There’s a difference in hearing and discussing something compared to actually using a prototype and getting that "feeling" from using it…it has a more profound effect as it’s experiential.
You have the idea, and talking gets you nowhere, so you use some grassroot tools (thank-you web 2.0) as a Proof of Concept, and this visibility gets you noticed. People you don’t know see it, and think it’s a good idea, someone else with a similar use case may apply it to a different context, a viral effect may ensue where lots of different groups are using it and improving it, someone else high up in the chain may come across it and may say why isn’t this made official.

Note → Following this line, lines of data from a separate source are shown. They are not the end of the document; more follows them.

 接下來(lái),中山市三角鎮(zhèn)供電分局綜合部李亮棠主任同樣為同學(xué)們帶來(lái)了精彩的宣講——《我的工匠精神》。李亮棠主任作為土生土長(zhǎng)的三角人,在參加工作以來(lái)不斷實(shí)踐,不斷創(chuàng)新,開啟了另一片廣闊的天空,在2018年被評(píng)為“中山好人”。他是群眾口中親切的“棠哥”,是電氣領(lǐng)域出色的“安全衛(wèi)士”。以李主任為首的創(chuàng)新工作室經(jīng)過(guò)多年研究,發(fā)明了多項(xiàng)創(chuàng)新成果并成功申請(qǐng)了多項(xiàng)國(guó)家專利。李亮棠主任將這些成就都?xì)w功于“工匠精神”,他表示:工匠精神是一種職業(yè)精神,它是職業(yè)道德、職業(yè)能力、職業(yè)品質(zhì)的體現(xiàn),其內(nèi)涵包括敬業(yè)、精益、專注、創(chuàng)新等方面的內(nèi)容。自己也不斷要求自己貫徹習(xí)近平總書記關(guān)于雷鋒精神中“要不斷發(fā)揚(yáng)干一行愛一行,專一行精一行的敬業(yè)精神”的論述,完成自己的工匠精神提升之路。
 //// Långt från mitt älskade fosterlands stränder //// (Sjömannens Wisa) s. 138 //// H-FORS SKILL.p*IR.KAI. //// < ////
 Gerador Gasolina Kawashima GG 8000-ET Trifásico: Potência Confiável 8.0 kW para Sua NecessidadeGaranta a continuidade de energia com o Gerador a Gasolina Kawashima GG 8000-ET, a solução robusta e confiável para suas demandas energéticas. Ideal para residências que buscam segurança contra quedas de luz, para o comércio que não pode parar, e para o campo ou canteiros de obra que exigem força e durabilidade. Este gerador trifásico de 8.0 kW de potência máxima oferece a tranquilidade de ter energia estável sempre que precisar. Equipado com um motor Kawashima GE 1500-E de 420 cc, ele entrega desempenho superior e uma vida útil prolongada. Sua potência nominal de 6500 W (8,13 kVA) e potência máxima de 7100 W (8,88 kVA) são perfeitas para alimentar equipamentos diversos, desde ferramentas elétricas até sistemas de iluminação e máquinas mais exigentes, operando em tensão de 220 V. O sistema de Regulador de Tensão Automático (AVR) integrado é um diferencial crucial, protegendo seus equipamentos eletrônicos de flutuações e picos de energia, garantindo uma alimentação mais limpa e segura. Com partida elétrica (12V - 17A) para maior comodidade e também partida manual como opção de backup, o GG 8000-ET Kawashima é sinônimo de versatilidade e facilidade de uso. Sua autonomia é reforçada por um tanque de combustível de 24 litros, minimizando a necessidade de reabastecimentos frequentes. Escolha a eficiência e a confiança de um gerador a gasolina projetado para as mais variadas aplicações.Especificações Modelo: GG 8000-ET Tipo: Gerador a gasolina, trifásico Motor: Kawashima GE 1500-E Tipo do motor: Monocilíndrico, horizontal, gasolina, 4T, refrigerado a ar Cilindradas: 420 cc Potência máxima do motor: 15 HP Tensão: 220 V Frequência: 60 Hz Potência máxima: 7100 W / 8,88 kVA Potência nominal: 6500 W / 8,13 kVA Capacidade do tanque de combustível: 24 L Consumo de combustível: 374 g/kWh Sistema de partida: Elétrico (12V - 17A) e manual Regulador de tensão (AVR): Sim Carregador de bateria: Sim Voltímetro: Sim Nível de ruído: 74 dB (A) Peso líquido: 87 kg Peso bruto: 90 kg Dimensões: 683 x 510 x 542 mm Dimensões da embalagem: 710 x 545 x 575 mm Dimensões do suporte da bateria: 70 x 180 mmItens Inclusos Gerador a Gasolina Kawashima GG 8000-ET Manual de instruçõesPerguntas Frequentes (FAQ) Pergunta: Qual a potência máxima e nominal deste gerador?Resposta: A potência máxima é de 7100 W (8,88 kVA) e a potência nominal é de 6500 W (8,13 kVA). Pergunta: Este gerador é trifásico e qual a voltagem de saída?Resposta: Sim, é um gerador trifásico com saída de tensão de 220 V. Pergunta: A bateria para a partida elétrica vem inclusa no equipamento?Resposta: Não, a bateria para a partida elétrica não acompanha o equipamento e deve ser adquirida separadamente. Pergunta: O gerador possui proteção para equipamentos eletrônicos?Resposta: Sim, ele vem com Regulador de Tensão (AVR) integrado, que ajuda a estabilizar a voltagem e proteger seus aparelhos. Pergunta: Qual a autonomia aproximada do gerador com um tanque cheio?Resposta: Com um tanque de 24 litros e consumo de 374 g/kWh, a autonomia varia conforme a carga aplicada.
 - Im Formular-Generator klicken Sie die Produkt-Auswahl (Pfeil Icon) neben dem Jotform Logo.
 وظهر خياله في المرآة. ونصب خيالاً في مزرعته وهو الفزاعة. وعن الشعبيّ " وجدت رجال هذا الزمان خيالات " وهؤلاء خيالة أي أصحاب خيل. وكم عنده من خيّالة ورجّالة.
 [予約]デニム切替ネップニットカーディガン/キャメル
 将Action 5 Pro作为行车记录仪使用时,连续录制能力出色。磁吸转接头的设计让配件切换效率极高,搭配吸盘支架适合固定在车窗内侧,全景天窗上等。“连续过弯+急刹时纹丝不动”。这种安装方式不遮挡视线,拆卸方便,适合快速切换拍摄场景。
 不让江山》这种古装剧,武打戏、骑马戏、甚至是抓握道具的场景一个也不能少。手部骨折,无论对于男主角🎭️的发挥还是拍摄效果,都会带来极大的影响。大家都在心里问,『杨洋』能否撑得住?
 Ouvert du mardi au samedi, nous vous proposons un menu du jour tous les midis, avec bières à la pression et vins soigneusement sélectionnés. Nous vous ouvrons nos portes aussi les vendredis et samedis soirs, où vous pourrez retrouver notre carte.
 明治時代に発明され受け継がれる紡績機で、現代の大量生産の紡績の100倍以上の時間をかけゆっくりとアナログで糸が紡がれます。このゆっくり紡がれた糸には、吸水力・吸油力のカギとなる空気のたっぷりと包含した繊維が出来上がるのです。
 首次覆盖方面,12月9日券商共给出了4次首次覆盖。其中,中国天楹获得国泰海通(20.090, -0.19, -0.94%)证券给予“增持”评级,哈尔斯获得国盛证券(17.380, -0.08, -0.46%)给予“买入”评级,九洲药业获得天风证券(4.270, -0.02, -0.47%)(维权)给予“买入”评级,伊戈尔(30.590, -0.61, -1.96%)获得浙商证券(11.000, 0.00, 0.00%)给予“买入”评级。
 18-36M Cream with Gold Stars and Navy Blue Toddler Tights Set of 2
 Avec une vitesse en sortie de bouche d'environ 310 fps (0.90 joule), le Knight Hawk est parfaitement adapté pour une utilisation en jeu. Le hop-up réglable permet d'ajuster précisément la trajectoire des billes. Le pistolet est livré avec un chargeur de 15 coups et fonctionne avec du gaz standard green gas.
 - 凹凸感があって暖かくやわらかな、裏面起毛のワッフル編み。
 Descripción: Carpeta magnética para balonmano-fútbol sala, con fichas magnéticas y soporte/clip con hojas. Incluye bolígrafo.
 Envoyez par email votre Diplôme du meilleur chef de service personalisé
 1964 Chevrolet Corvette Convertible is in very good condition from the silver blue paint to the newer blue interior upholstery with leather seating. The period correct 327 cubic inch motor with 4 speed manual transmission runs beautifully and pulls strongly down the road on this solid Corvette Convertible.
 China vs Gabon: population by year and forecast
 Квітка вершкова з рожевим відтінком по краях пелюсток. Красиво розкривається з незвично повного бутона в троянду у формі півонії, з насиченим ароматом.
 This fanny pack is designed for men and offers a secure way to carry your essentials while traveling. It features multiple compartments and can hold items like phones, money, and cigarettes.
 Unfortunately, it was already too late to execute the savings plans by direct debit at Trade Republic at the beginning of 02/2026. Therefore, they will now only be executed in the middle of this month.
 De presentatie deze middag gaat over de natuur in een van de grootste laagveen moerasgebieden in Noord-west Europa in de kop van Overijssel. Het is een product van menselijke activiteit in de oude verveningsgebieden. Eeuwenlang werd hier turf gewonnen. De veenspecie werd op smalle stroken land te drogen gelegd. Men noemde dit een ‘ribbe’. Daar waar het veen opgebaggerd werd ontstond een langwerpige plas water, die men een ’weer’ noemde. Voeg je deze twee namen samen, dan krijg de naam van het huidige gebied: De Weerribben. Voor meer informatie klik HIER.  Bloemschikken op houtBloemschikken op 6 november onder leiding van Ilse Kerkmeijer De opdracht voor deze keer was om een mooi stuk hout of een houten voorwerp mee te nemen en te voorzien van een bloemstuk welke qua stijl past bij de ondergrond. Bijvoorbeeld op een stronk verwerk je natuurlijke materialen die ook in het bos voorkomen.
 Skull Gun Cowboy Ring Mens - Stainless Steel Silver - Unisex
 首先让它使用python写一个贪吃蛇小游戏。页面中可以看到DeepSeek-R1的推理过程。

You get the idea…visibility is king, and grassroot tools help you get there.
Not only do these social tools help you get there because they bypass the hierarchy, and it’s information flows and approvals (basically your Proof of Concept can go viral and touch lots of people…you no longer need authority as you have influence by reputation…you are networked.) But the actual tools getting you connected, can be the same tools that your Proof of Concept are based on.
In my last post I mentioned some teams have noticed our wiki tool and are self-organising a way to do onboarding. Not high-level onboarding, but at the level of what new comers need to know about working in that business unit. They are not going to wait for an official way, or approval to do it their requested way…instead they are using the tools at hand and going with it. Maybe the idea is to get in trouble, but when you get in trouble they might decide that they like your prototype and give you resources to do it properly.
Get visible, get in trouble (well, be cheeky), get a proof of concept, get social tools.
This goes hand in hand with a culture of autonomy, experimentation and acceptance of failure as the road to better productivity and performance…and innovation.